WHAT YOU SHOULD DO: Data follows below. Repeat exactly the lines between the line holding "Совокупность доверительных интервалов" and the line holding "8' Ocean Blue", inclusive, and nothing more; drop pictures.

EXERCISE INPUTS:
□ □ □ □ □
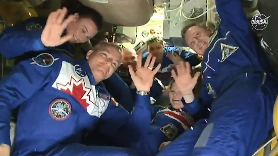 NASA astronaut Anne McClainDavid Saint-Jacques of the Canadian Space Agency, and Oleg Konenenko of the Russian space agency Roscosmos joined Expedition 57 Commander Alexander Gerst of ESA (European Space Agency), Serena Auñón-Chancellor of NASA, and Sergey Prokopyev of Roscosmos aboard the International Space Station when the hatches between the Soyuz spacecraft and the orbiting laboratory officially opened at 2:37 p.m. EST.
□ □ □ □ □
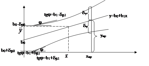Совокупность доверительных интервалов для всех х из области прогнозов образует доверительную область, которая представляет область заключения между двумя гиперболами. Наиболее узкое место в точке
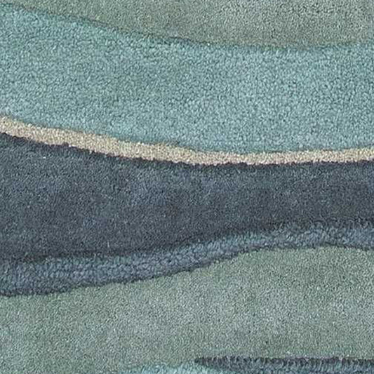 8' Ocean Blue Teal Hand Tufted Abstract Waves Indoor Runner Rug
□ □ □ □ □
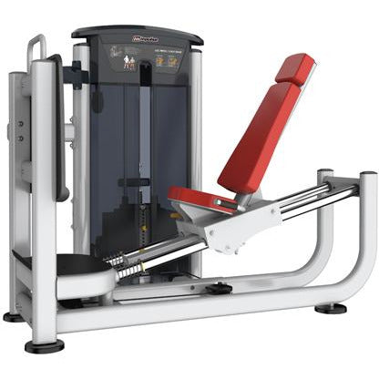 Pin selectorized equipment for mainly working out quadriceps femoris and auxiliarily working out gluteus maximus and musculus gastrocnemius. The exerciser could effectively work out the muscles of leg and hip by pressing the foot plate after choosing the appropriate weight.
□ □ □ □ □
SOLUTION:
Совокупность доверительных интервалов для всех х из области прогнозов образует доверительную область, которая представляет область заключения между двумя гиперболами. Наиболее узкое место в точке
 8' Ocean Blue Teal Hand Tufted Abstract Waves Indoor Runner Rug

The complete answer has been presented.